В одном из этапов на Соловки был доставлен один священник, который оказался духовником некоторых из монахинь. И хотя общение между духовным отцом и его духовными детьми, казалось, было совершенно невозможным в условиях концлагеря, монахиням каким-то образом удалось запросить у своего наставника указания.

Сущность запроса состояла в следующем: Мы, дескать, прибыли в лагерь для страдания, а здесь нам хорошо. Мы вместе, поем молитвы, работаем работу по душе: стегаем одеяла для больных... Правильно ли мы поступаем, что согласились работать в условиях антихристовой власти в лагерях? Не следует ли нам и от этой работы отказаться?

Духовник оказался еще более фанатичным, чем его духовные дочери, и ответил категорическим запрещением работать и эту работу.

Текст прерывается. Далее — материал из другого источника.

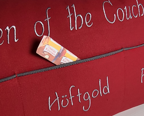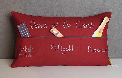 Das Kissen hat drei tolle Einsteckfächer für die wichtigsten Utensilien einer Frau. Das Kissen ist ein echter Hingucker auf jedem Sitzmöbel und ist ein tolles Unikat. Ein verdeckt eingenähter Reißverschluss befindet sich an der Unterseite der Kissenhülle. Die Pappdeko – Schaltzentrale, Hüftgold und Prosecco bekommst Du zum Kissen dazu.
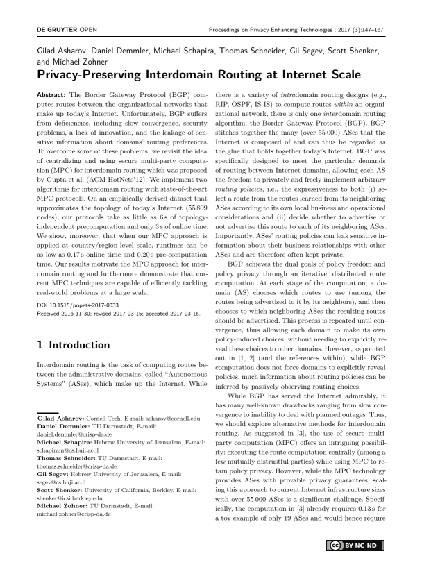 Abstract: The Border Gateway Protocol (BGP) computes routes between the organizational networks that make up today’s Internet. Unfortunately, BGP suffers from deficiencies, including slow convergence, security problems, a lack of innovation, and the leakage of sensitive information about domains’ routing preferences. To overcome some of these problems, we revisit the idea of centralizing and using secure multi-party computation (MPC) for interdomain routing which was proposed by Gupta et al. (ACM HotNets’12). We implement two algorithms for interdomain routing with state-of-the-art MPC protocols. On an empirically derived dataset that approximates the topology of today’s Internet (55 809 nodes), our protocols take as little as 6 s of topologyindependent precomputation and only 3 s of online time. We show, moreover, that when our MPC approach is applied at country/region-level scale, runtimes can be as low as 0.17 s online time and 0.20 s pre-computation time. Our results motivate the MPC approach for interdomain routing and furthermore demonstrate that current MPC techniques are capable of efficiently tackling real-world problems at a large scale.

И монахини отказались от всякой работы.

Начальство узнало, кто в этом виноват. Священника расстреляли. Но когда монахиням сообщили об этом, они сказали:

– Теперь уж никто не может освободить нас от его запрещения.

Тогда начальство потеряло всякое терпение и осатанело.

Монахинь разъединили друг от друга и поодиночке куда-то увезли. Никаких вестей от них, несмотря на все наши старания, мы больше получить не смогли.

Они сгинули без всякого следа.

Прошло уже много лет после этих событий.

В перспективе времени многое сгладилось, забылось, стушевалось, но образы этих монахинь (по-видимому, действительно, Шамординских) – стоят передо мной ярко до боли и вызывают всегда одно и то же сложное чувство.

Прекрасно понимая, что в их поступках был крайний фанатизм, согласиться с которым полностью было бы равносильно осуждению мучеников – исповедников, погибших на работах в концлагерях, – я в то же время не могу не преклоняться перед их твердой позицией отказа от работ под антихристовой властью и вижу в этом отказе сильнейший из всех протестов против большевизма. Будь у всех нас, русских, хотя бы по капле такого протеста – большевизм не смог бы существовать.

***

Годы спустя208, из уст американского заключенного, который находился в советском трудовом лагере, мы получаем следующую дополнительную информацию, проливающую свет на духовные плоды аскетической твердости тех монахинь.

Чудо (трех) монахинь

Когда разговор заходил о вере, что происходило довольно часто, я слышал об удивительном случае, о чуде, которое произошло в Воркуте. Воистину Господь пребывал там с нами! И та горячность, с которой мне рассказывали эту историю, не оставляла сомнений, что Железный Занавес не мог оставить Бога за пределами страны и за пределами умов и сердец ее жителей.

Это произошло в ноябре, в 1950 г., сразу после того, как мы сами прибыли в лагерь. Те три монахини тоже приехали туда по приговору к принудительному труду. Тысячи женщин в Воркуте, хотя и не работали в шахтах, выполняли черную работу, и монахинь приговорили трудиться на заводе, который производил кирпичи для строительных работ в Заполярье.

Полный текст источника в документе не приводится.